“To me,” says Koichi Hayashida, Director of Super Mario 3D Land, “Super Mario Galaxy 2 is like the Manchu Han Imperial Feast…
“So this time, I wanted to make a compact game that, rather than the Manchu Han Imperial Feast, was lighter, like a hamburger you could just gobble down.”
He’s talking of course, about Super Mario 3D Land, the game that might just change your perception of the 3DS and 3D Mario games in general -- because, make no mistake, Super Mario 3D Land is one tasty burger.
The hamburger analogy, of course, may be lost in translation, or at least confused. Insubstantial, unhealthy, cheap, these are the words we normally associate with hamburgers, but switch your perspective -- convenient, purposeful, quick, delicious. Super Mario 3D Land is like a hamburger in those specific ways.
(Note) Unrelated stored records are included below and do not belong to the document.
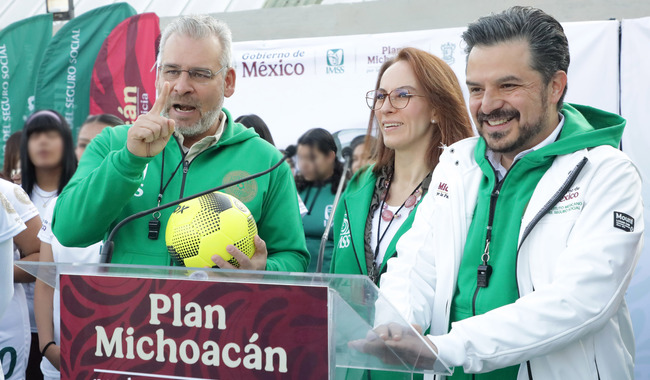 Morelia, Michoacán.- Como parte de las actividades previas a la Copa Mundial FIFA 2026, el director general del Instituto Mexicano del Seguro Social (IMSS), Zoé Robledo, y el gobernador de Michoacán, Alfredo Ramírez Bedolla, inauguraron el Torneo Futsal Femenil Sub-21, que da inicio al Mundial Social IMSS, estrategia para promover la actividad física, el deporte y la convivencia que fortalece el tejido social y estilos de vida saludables.
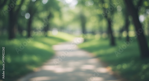 A hazy depiction of a meandering pathway within a park, encircled by lush, green foliage
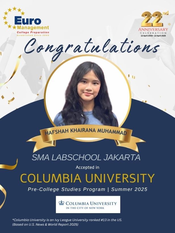Hafshah Khairana Muhammad, siswi SMA Labschool Jakarta, telah DITERIMA di COLUMBIA UNIVERSITY, Pre-college Studies Program | Summer 2025 πΊπΈπ
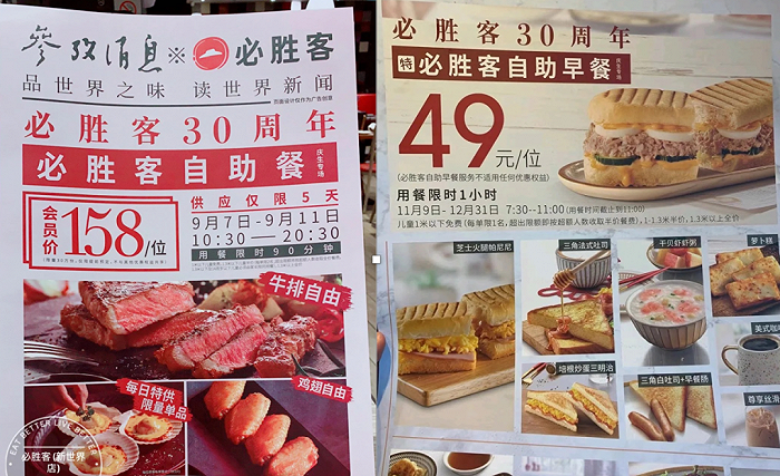 今年以来,必胜客陆续上线多项30周年限定自助活动。4月,必胜客在上海部分门店推出了99元/128元的限时自助餐;6月,则在全国部分门店上线了158元的限时自助;9月,必胜客在多家门店推出了价格在39-59元之间的自助早餐;11月,必胜客甚至重启了2009年下线的自助沙拉吧。
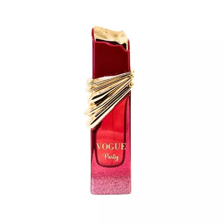 Vogue Party opens with a lively burst of sparkling citrus and juicy red berries that instantly uplift the senses and set a festive mood. The heart reveals delicate floral facets of jasmine and rose, adding a feminine elegance and refined charm. The base of vanilla, warm amber, and musk gives depth and sensuality, creating a beautifully balanced scent that transitions from day to night with ease.
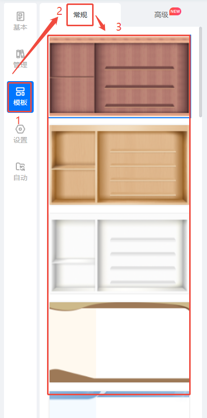 点击【模板】 ,书橱模板分【常规】和【高级】两种,可以根据自己喜好选择。
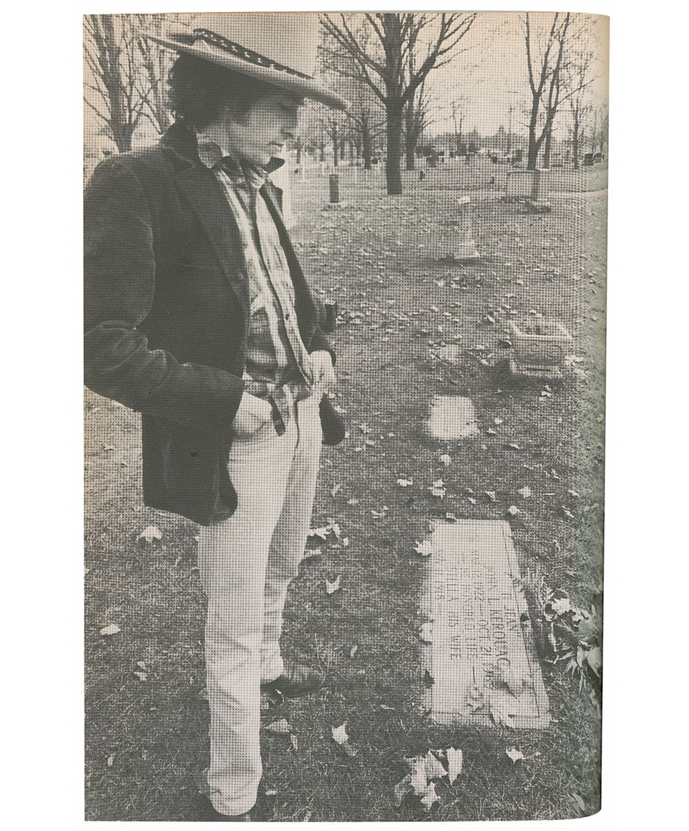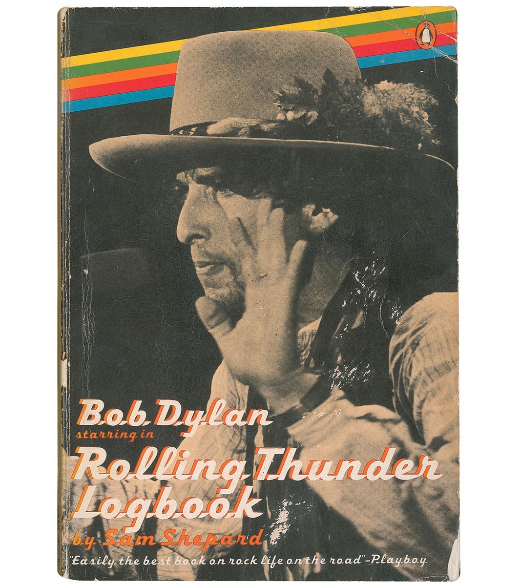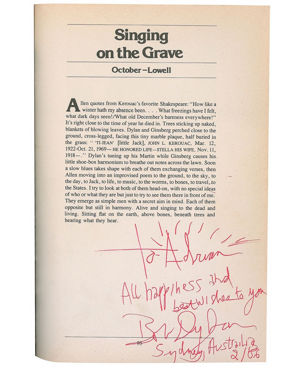 Signed book: Rolling Thunder Logbook. Later printing. NY: Penguin Books, 1978. Softcover, 7 x 10, 184 pages. Signed and inscribed in red ink on page 95, opposite a full-page image of Dylan at Jack Kerouac’s grave, to Australian poet and music journalist Adrian Rawlins, “To Adrian, All happiness and best wishes to you, Bob Dylan, Sydney, Australia, 2/86.” Inscribed autographs of Dylan are rare from any era; this example for Rawlins, who wrote extensively on Dylan and compiled his articles in a book ‘Bob Dylan Through the Looking Glass,’ was procured during the Australian leg of the ‘True Confessions’ tour in 1986. Scattered creases, surface marks, impressions and soiling to covers, a price label on back cover, some slight foxing to opening pages, and a pencil notation to first free end page, otherwise fine condition.

In fact it’s more like a mini-burger. The levels are short, bite-sized, designed to be consumed during your commute, to the point where quitting mid-level would hardly be an inconvenience. Shrinking 3D Mario down to the bare minimum, the design is economical, but filled with typical flourish. Super Mario 3D Land is clearly designed for a handheld experience, but it’s still substantial. We suspect it will become the cornerstone of any nutritious train journey.
A good reference point would be the 2D sections you might find mid-level in either of the Mario Galaxy games -- those moments where the free flowing 3D mechanics are shoe-horned onto a 2D plane. These moments work partly though novelty, but mostly via sublime design -- it plays with your expectations and transforms your idea of how the dimensions work from a mechanical standpoint.
Super Mario 3D Land is similar -- in a sense it reinvents 3D Mario, removing the open sense of exploration, and replacing it with a linear structure more common in, say, Super Mario Bros. 3. We got a similar feeling from Super Mario Galaxy 2, the idea that the exploration seen in earlier 3D Marios, like Mario 64, was being replaced with something more rigid, based around a single interesting idea or concept. Almost as if 3D games had evolved to the point where more traditional level design could work in the third dimension.
Super Mario 3D Land is like that. Levels feel like levels, not areas to be explored. The path is clearer, the destination more obvious, particularly in the earlier levels.
In addition to the hamburger analogy, Hayashida also mentioned that he wanted Super Mario 3D Land to be the bridge between 2D Mario and 3D Mario, and that’s written all over the game’s design, from the levels themselves to the natural whimsy of the environments. Super Mario 3D Land feels light and breezy, a whole new type of fun.
It’s a true reinvention for Mario as a brand and a video game series, an intelligent reworking. It’s hard to imagine how a handheld 3D Mario could have been designed any other way without feeling needlessly dense and impenetrable.
So, yes, Super Mario 3D Land is a hamburger, but it’s as good as any hamburger I’ve ever eaten. And I could sure go for another.